Cracks
- First edition
- Author: Sheila Kohler
- Language: English
- Genre: Psychological horror; Thriller;
- Publisher: Zoland Books
- Publication date: 1 September 1999
- Publication place: United States
- Media type: Print
- Pages: 165
- ISBN: 158195008X

= Cracks (novel) =

1999 novel by Sheila Kohler

Cracks is the third novel by South African author Sheila Kohler. Published in 1999, it was chosen as one of the best books of the year by both Newsday and Library Journal. It was adapted into a 2009 film of the same name starring Eva Green.

==Plot introduction==
The novel opens with twelve middle-aged women meeting at a South African boarding school where they were once pupils. Their reunion stirs memories of a long hot summer in the 1960s when they were the elite members of the school swimming team, managed by the forceful, charismatic Miss G. But the women share a secret concerning the fate of the missing 13th member of the swimming team: Fiamma, the enigmatic daughter of an Italian aristocrat and with whom Miss G becomes obsessed, leading to sexual jealousy and suspicion among the rest of the team, with tragic results.

==Inspiration==
As revealed on the author‘s website, the violent death of her sister thirty years ago in apartheid South Africa caused her to explore in her fiction the theme of "violence within intimate relationships, in particular, the abuse of power and privilege".

One of the swimming team members in the book is named Sheila Kohler and is a writer. When asked whether this was herself she replied that "Although I use a character called Sheila Kohler, I don't think Cracks is any more autobiographical than my other books. It is simply a device to make the reader believe that what one's writing is all true - to blur the lines between fiction and nonfiction." and she goes on to explain about the book's setting, "The education we received in a girl's boarding school in the middle of the veld, was much like the one I describe in Cracks.
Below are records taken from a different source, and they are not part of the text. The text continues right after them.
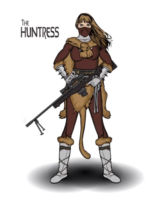 Habits/Quirks: A surprisingly mysterious individual, despite her no-nonsense, straightforward attitude. Little is known of her past before she became a well known figure in the South African criminal underworld. Unknown to most, she was raised by relatively rich parents of Dutch descent, and led a privileged life – developing passions for sport hunting and luxurious parties, and getting mixed up with some unsavoury characters. Gaining permanent superpowers with an prototype version of the serum later used by Alley Cat, she found that she fit into the criminal lifestyle well, hiring herself out as a ruthless and successful assassin and mercenary. She’s obsessed with adding famous heroes to her trophy list. Often incorporates her animal kills into her costumes.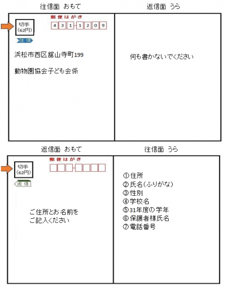 | 申込み方法 | 往復はがきに ①住所 ②氏名(ふりがな) ③性別 ④学校名 ⑤学年(31年度) ⑥保護者名 ⑦電話番号 をご記入のうえ、下記宛先までお送りください。 〒431-1209 浜松市西区舘山寺町199 「動物園協会子ども会係」 |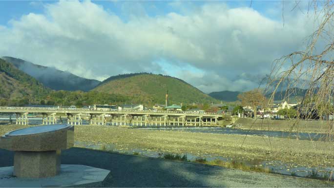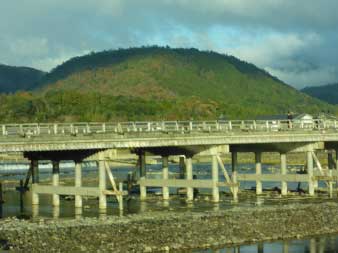 | 12月13日、松愛会山歩きで小倉山に登り、ゆずの里水尾でゆず風呂に浸かり忘年会の予定だ。阪急嵐山駅から出発、中之島公園からこれから登る小倉山を眺め渡月橋を渡った。小倉山の右に愛宕山が見えるのだがあいにく雲の中だ。 | |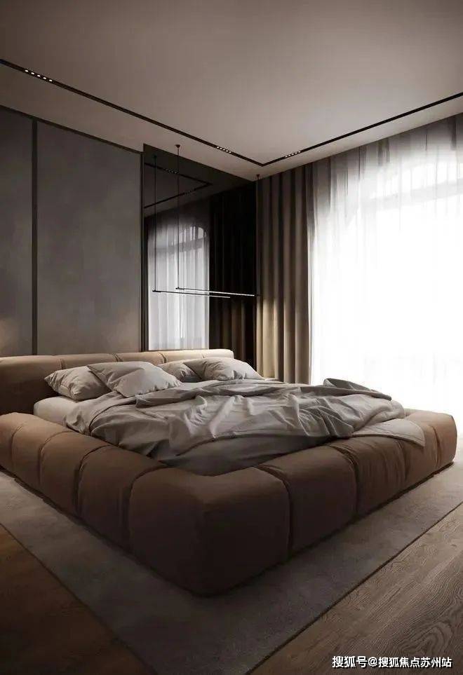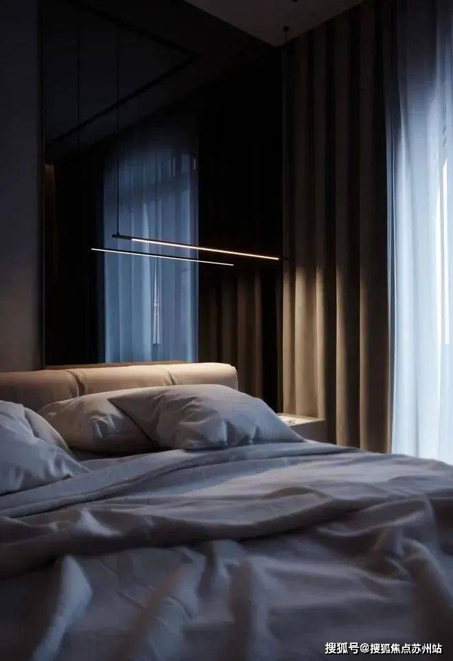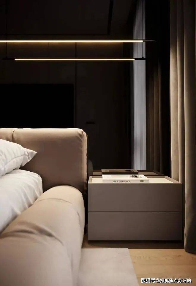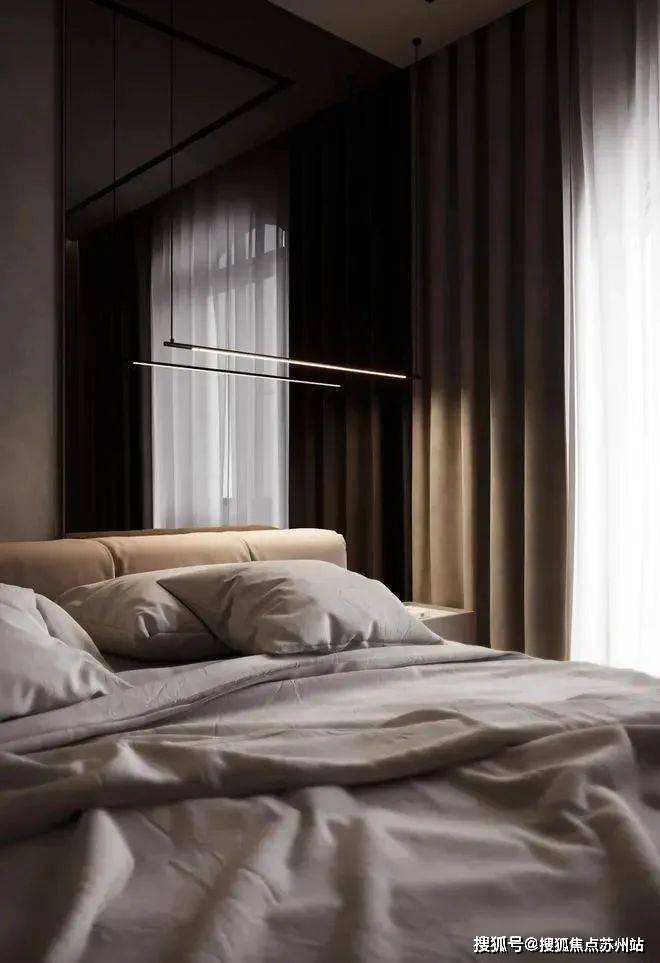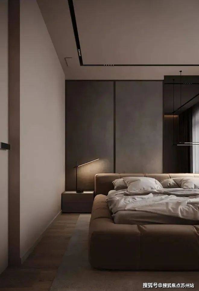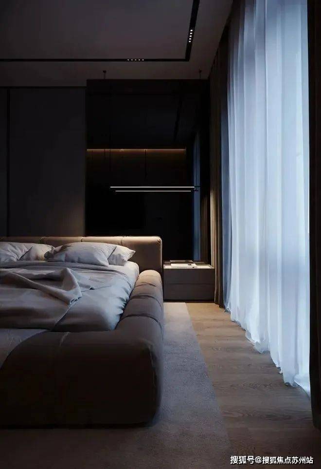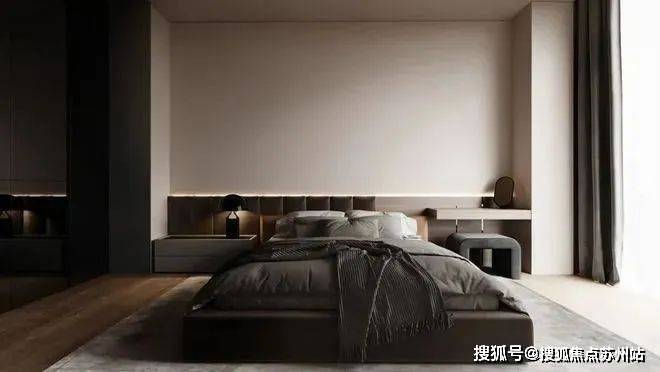 卧室整体以高级灰为主色调,利用自然光和室内人造光线的结合,营造出温馨宁静的感觉。

We read nineteenth century literature exclusively, and our history lessons stopped before the first world war, which was considered too recent to be taught. Much of our time was devoted to doing sport to combat sexual urges, I presume, or anyway to teach us team spirit. Also, we were always going to chapel, learning to turn the other cheek. Consequently, life, when I was obliged to face it, came to me as an amazing revelation - and not always one with which I knew how to cope."

==Reception==
- The Times Literary Supplement calls the novel brilliant and continues "A stunning and singular tale of the passion and tribalism of adolescence, Cracks lays bare the violence that lurks in the heart of even the most innocent. Shocking, reminiscent of Lord of the Flies ... conjures up the wildness of the veld and the passion and drama of adolescence...peculiarly satisfying.
- Elle also compares it to other works, "while evocative of The Prime of Miss Jean Brodie and Picnic at Hanging Rock, Kohler's writing is so smoothly confident and erotic that she has produced a tale resonant with a chilling power all its own."
- Kirkus Reviews concludes "The mystery is unfolded slowly but credibly, and its ending manages both to surprise and satisfy. First-rate psychological suspense, in the tradition of The Children’s Hour, played out flawlessly and well by a real master of narrative."
- Dana Schwartz on Teenreads.com is also full of praise: "There are secrets hidden in every sentence of this haunting and at times horrifying book --- secrets that you aren't aware of until you reach the final pages. It's an ending that makes you pause, and then flip back through to see what you missed the first time around. The tautly told story with its tropical backdrop of sterile humidity is in great contrast to the young women's budding fecundity."
- Publishers Weekly though has reservations: "Kohler narrates the story in the first-person plural: ""We always had cramps in our toes. Our hair was always wet. Our hands were always damp and cold and our fingers crinkled."" The curt ""we"" and Kohler's clipped, effective descriptions generate an abiding sense of myth, collective experience and collective guilt. At the same time, these tactics prevent readers from growing attached to any one individual, asking us to focus instead on the novel's rich mood. The result is a narrative at once powerful and hollow, an extremely well-made technical experiment. Finding at last how and why Fiamma vanished, some readers will feel the experiment justified; others may feel she was never really there."